RECORDS FOR THIS EXERCISE START

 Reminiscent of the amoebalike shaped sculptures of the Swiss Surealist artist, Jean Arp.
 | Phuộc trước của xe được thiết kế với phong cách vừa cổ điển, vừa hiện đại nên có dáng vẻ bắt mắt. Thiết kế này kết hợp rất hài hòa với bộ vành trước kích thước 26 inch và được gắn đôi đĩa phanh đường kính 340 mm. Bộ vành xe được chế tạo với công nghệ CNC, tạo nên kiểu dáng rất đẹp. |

RECORDS FOR THIS EXERCISE END
RECORDS FOR THIS EXERCISE START

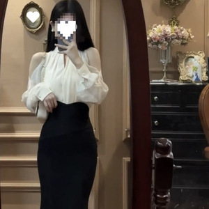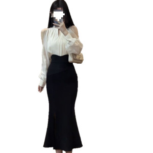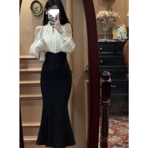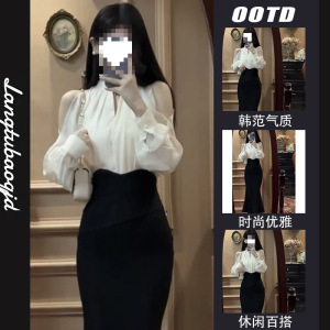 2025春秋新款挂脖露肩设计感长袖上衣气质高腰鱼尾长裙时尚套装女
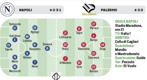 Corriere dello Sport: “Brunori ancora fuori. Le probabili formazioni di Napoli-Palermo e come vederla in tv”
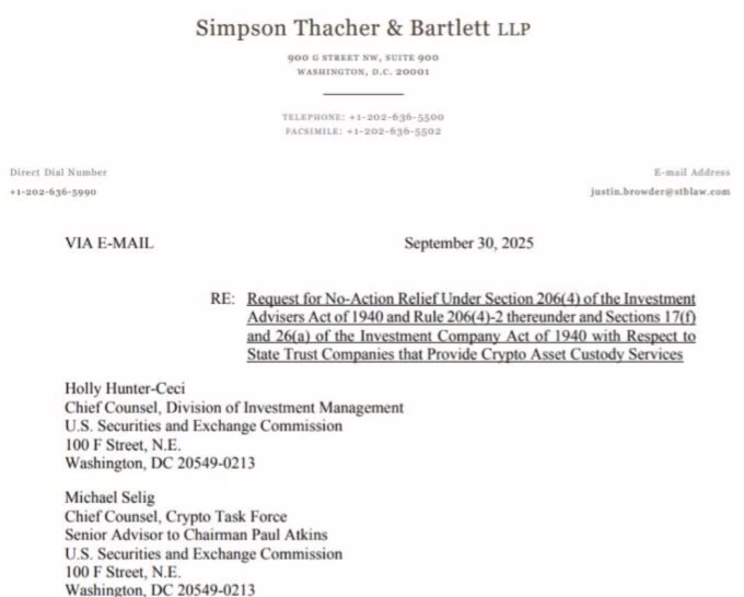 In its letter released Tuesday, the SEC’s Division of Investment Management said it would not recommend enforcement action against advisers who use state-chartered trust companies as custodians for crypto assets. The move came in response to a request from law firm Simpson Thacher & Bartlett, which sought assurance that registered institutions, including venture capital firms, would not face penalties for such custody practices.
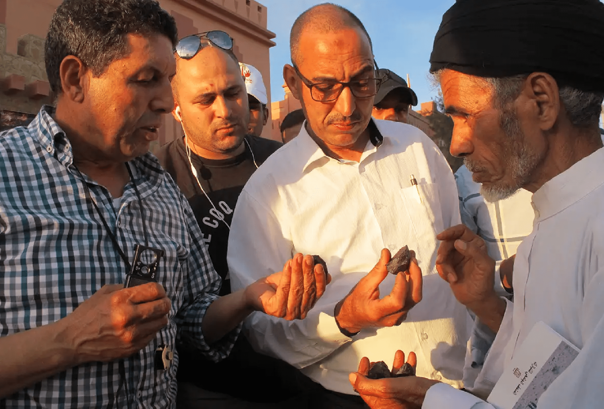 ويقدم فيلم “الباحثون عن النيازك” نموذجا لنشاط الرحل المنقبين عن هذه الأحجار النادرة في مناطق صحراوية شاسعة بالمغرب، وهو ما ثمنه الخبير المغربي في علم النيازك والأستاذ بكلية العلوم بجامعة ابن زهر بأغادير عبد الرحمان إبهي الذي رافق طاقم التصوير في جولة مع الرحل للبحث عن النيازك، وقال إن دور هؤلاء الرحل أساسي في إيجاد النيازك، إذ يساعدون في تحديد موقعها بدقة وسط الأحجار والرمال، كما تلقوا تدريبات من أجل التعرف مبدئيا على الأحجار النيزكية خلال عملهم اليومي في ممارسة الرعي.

RECORDS FOR THIS EXERCISE END
RECORDS FOR THIS EXERCISE START

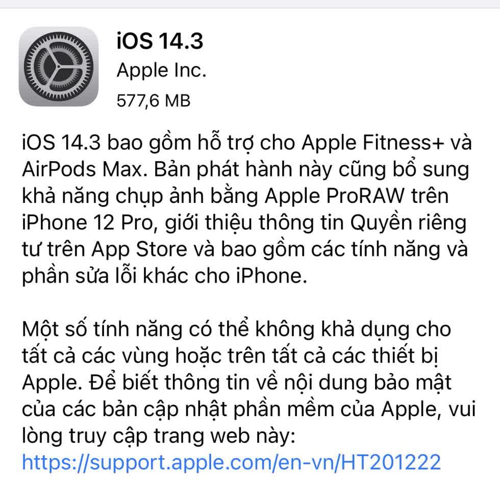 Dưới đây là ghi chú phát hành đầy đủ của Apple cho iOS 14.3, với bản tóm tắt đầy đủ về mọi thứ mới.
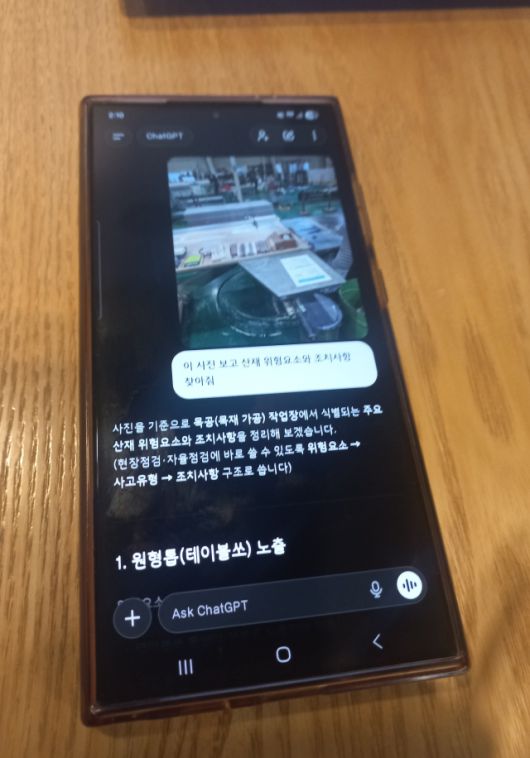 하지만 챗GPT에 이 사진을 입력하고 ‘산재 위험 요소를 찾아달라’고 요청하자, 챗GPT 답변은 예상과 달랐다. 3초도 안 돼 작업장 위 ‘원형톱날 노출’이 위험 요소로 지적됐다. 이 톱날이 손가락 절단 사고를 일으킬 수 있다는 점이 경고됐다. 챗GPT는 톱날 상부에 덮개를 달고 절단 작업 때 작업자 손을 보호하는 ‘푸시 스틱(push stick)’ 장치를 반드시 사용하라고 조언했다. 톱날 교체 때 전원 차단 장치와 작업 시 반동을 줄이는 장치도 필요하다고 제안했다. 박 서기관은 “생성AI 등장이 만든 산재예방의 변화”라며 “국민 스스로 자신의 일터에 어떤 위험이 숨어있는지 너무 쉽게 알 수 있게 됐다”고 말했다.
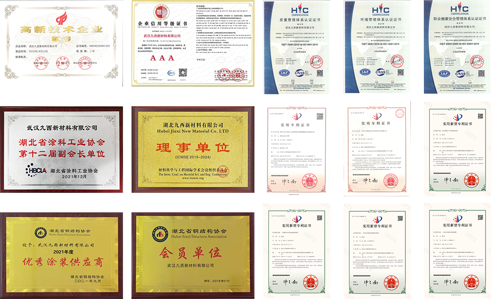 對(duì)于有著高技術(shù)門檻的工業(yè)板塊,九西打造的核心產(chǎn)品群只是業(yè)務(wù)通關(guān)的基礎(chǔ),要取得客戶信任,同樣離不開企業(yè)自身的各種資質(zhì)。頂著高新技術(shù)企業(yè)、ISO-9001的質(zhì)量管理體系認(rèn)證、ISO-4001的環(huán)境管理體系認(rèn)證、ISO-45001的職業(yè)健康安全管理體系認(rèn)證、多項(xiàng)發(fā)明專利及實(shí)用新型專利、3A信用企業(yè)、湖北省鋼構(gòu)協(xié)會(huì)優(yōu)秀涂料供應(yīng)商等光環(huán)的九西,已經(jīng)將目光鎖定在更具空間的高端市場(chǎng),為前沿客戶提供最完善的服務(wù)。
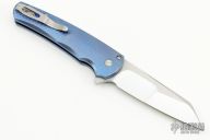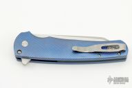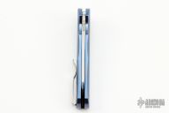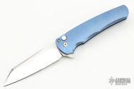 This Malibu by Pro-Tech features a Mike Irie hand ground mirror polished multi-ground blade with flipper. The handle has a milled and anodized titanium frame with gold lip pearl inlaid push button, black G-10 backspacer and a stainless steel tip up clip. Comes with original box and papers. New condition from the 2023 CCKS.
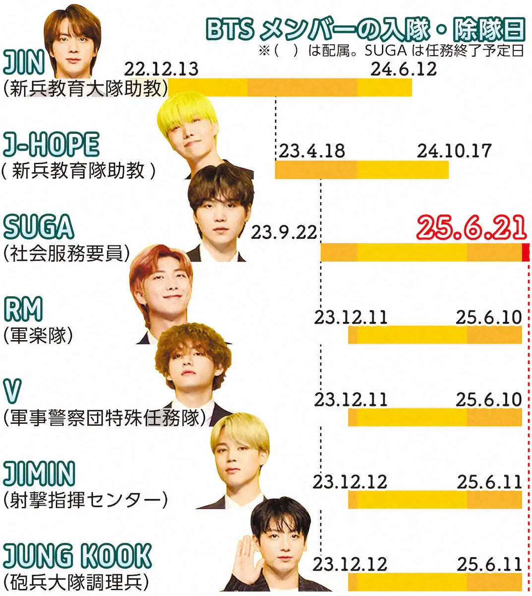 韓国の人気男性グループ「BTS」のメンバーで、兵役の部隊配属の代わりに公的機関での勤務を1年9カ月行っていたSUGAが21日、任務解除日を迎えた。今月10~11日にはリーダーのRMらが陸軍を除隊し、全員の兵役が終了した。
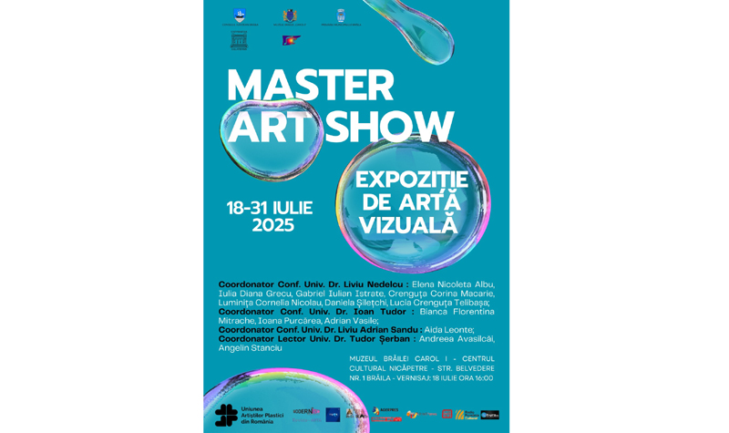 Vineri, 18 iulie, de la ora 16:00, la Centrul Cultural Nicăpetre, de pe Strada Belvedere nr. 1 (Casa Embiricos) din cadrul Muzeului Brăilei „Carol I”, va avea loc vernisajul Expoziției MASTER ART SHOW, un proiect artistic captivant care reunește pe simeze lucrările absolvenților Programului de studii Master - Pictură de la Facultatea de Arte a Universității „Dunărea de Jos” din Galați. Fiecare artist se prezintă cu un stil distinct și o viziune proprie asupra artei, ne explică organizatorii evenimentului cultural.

RECORDS FOR THIS EXERCISE END

• THE TASK: Here the output must be the lines above from the line with "Reminiscent of the" to the line with "dáng rất đẹp. |", both included, duplicated word for word and nothing else.

• SOLUTION FOR THIS EXERCISE:
 Reminiscent of the amoebalike shaped sculptures of the Swiss Surealist artist, Jean Arp.
 | Phuộc trước của xe được thiết kế với phong cách vừa cổ điển, vừa hiện đại nên có dáng vẻ bắt mắt. Thiết kế này kết hợp rất hài hòa với bộ vành trước kích thước 26 inch và được gắn đôi đĩa phanh đường kính 340 mm. Bộ vành xe được chế tạo với công nghệ CNC, tạo nên kiểu dáng rất đẹp. |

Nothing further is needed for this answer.